Nobody Walks in L.A.

Tina Lerno, Librarian, Digital Content Team,
Walking in the rain by the Warner Downtown
Walking in the rain by the Warner Downtown, [1938]. Herman J Schultheis Collection

Walkin' in LA, nobody walks in LA; walkin' in LA; walkin' in LA, only a nobody walks in LA—Terry Bozzio, Missing Persons

People say Los Angeles is not a very walkable city. As an L.A. native growing up in the San Fernando Valley, I've heard it all my life. But, I disagree! While it's true you may have to drive to get to your walking area, they are here and plentiful.

Intersection traffic
Pedestrians throng across an intersection in Los Angeles, [1960]. Security Pacific National Bank Collection

Los Angeles sounds and smells different when viewed from the street and not just whizzing by in a car. For me, it's the smell of a bacon-wrapped hotdog after a concert and the night-blooming jasmine as I walk to my car parked blocks away (every music lover knows never to pay the insane venue parking rates)! Its the cacophony of birdsong heard from my walk up the street to my local farmer's market—a mix of wild parrots, scrub jays, doves, and baby hawks learning to fly. Occasionally it's helicopters and police sirens mixed with the clip-clop of horses. It's also a walk through the hills or along a coastal trail smelling the salty sea air, and the thrum of the freeway which sounds like rushing water. Los Angeles is a unique place, to be sure, and I wouldn't want to live (or walk) anywhere else!

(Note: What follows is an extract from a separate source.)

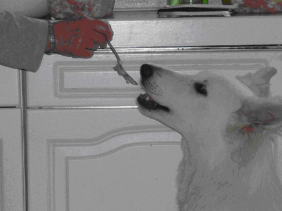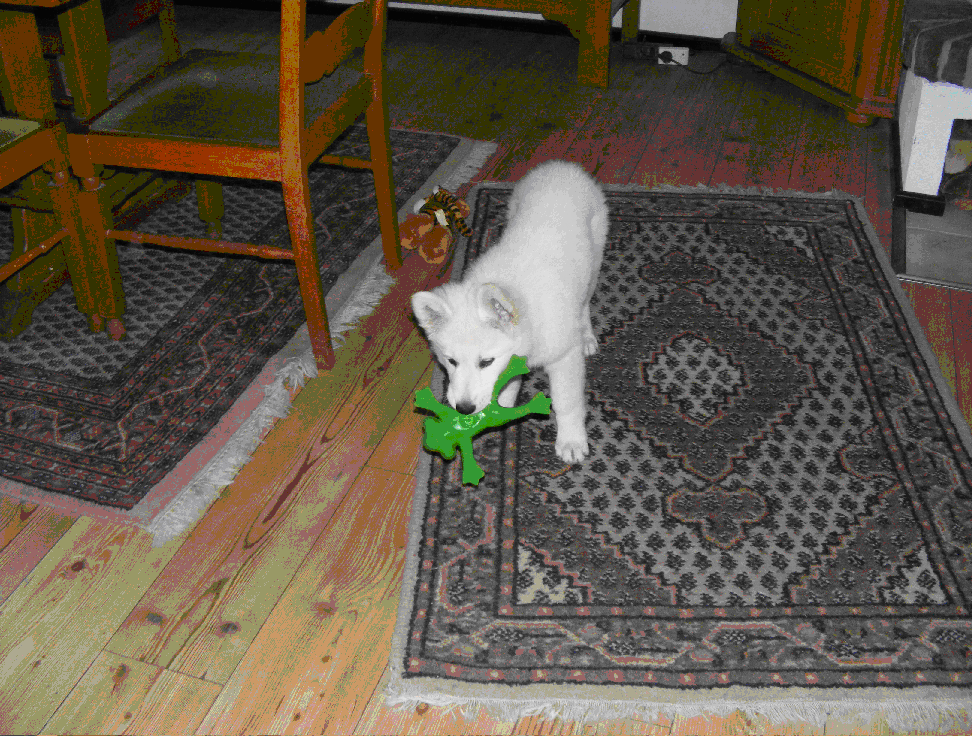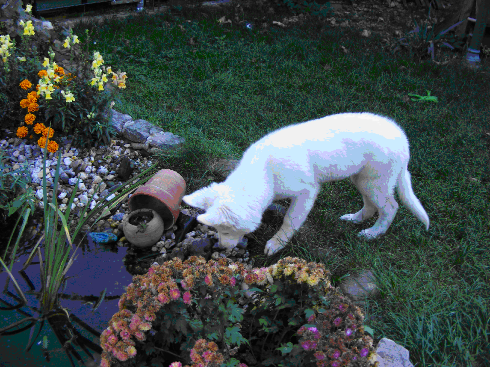 Anstelle an einem richtigen Rind zu knabbern nur ein getrocknetes Ohr. Und dann das, sogar das Futter bekommt man vorgegeben. Man kann sich nichts selber nehmen. Bitteschön, was hat das mit der gross angekündigten Freiheit zu tun. Es gibt noch nicht mal eine Speisekarte. Frauchen und Herrchen bestimmen immer alles. Aber gut, essen muss man ja und manchmal schmeckt es auch nur immer etwas wenig. Ich schmeisse dann einfach die leere Schüssel durch die Küche ( das macht richtig Krach ) dann wissen die schon Bescheid. Aber mehr gibt es dann trotzdem nicht. Nur manchmal Herrchen, wenn er es nicht aushält, das mit dem Krach und mit meinem leidenden Ausdruck, dann gibt er mir ein bis zwei Hähnchensticks, ganz heimlich, die hat er in der Verwaltung, natürlich nur zur Bestechung, aber die sind so lecker. Seht ihr, wenn ich dann noch Hunger habe versuche ich einen Fisch zu fangen, gelingt mir aber nicht die sind zu schnell oder haben schlechte Erfahrung mit einem Eisbären gemacht. Voller Wut rasier ich dann mal eben ein paar Pflanzen oder hole die aus den Töpfen heraus. Das gibt zwar Ärger aber das ist schön, Dann macht das Leben wieder richtig Spass, wenn Herrchen sagt Teufelsbraten und Frauchen, ach lass ihn doch ist doch nicht so schlimm und schwupps habe ich so ganz von hinten rum was leckeres. Also auf zur nächsten Pflanze. Letztens bin ich dann auch mal ganz in den Teich gefallen. Habe es keinem gesagt. Aber nachdem der ganze Teppich nass war haben sie es doch gemerkt. Da war die Freude gross das ich noch lebe.

September is National Pedestrian Safety Month. If you love walking and exploring this amazing city of ours as much as I do, you may encounter distracted drivers, unevenly paved roads and other common hazards. Everyone in Los Angeles deserves safe streets, and the city's safety initiative Vision Zero is committed to eliminating traffic fatalities by 2025. Here are some safety tips from the department of transportation to practice both as pedestrian and driver.

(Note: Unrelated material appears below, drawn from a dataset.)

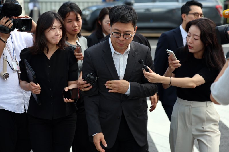 주 원장은 이날 오전 10시 5분쯤 특검 사무실 앞에 출석해 "'윤핵관' 의원들한테 후원금 전달하신 것 맞냐", "박성중 전 의원한테 500만 원 왜 후원했냐"는 취재진의 질문에 입을 꾹 다물었다.

And here they come, kids on bikes
"And here they come!" Children crossing the street on the first day back to school with a friendly crossing guard, [1956]. Photo credit: Justin Westerfield, Valley Times Collection

For Pedestrians

  • Be obvious and predictable, crossing at crosswalks or intersections only, walk facing traffic and as far from traffic as possible if there is no sidewalk.
  • Make eye contact with drivers; never assume a driver sees you.
  • Wear bright colors or reflective material at night or in the early morning.
  • Stop at the curb and look “left, right, left” before entering the roadway.
  • Watch for turning vehicles in each lane. Look for cars backing up, including white backup lights or signs the vehicle is running. Don’t dart out between parked cars.
  • Avoid distractions. Don’t walk and use your phone at the same time.
  • Be conscious of approaching vehicles, and cross with a group when possible.

For Drivers

  • Drivers must be respectful of pedestrian rights and safety needs.
  • Drivers need to be aware of other vehicles at crosswalks as well. It is illegal to bypass a vehicle that has stopped at a crosswalk to allow a pedestrian to cross the street.
  • Put down the cell phone and just drive.
  • Use extra caution when backing up. Look for bicyclists or pedestrians who may be approaching.
  • Drivers have a legal responsibility to yield to pedestrians and exercise care for pedestrian safety within any marked or unmarked crosswalk.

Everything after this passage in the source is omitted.